The most complete description of the approach taken in the DieCAST
family of models is given by Sheng *et al*. (1998). This paper gives a
systematic and thorough derivation of the basic numerics and the
finite difference formulation on a C-grid. For convenience, we have reproduced the basic
model formulation from Sheng * et al*. (1998) in Appendix A,
which includes a
discussion of both the A-grid and C-grid formulations.
Below, we give a brief discussion of the differences between the C-grid
and A-grid versions of the model. Fig. 1a shows the A-grid and C-grid
configurations, and Fig. 1b shows the combined A-grid and C-grid
used for the CANDIE A-grid model version described by this manual.
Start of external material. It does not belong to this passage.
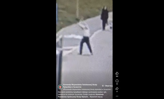 Straż rybacka w Szczecinie opublikowała nagrania z monitoringu, na których widać jak jeden z wędkarzy uderza rybą o beton. Cała sy...

Both the C-grid and the A-grid versions of DieCAST are formulated in terms of a rectangular coordinate system in which the model domain is divided into regularly stacked boxes in the vertical. The ocean bottom is thus represented with a staircase approximation. For both model formulations, the temperature, salinity, and pressure are given as the average values over the volume of each box or model cell, and a control volume approach is used in which the average values of quantities within each cell are updated in accordance with the fluxes across the six cell faces. Differences between the two formulations occur in the representations of the horizontal velocity field. This is shown in Fig. 2 which depicts a three-dimensional CANDIE grid cell with the A-grid and C-grid points.

In the case of the C-grid, the velocity components are specified as average values on the faces of the cells: U is determined for the cell faces normal to the X-direction, V for cell faces normal to the Y-direction and W for cell faces normal to the Z-direction. For the A-grid, the vertical component of velocity is still specified on the top and bottom faces of the cell as in the C-grid, but the two horizontal velocity components are specified at the same locations as T, S, and P. (Often it is assumed that this position is at the cell center, but really the A-grid variables represent averages over the cell volume.)

Each of the above choices has its limitations. For the C-grid, there is a problem associated with the treatment of the Coriolis force because updating the X-component of velocity (U) requires knowledge of the Y-component (V) at the U point, and vice versa. Thus, one is forced to interpolate horizontal velocity components in order to deal with the Coriolis force on a C-grid. On the A-grid, no interpolations are required to determine the Coriolis force, but the conservation equations for heat, salt, momentum and tracers each require knowledge of the velocity components on the cell faces, i.e., on the C-grid. Thus interpolations of the horizontal velocity components are again required. This is the only real difference between the C-grid and A-grid formulations of DieCAST. The remainder of this communication deals only with the A-grid formulation.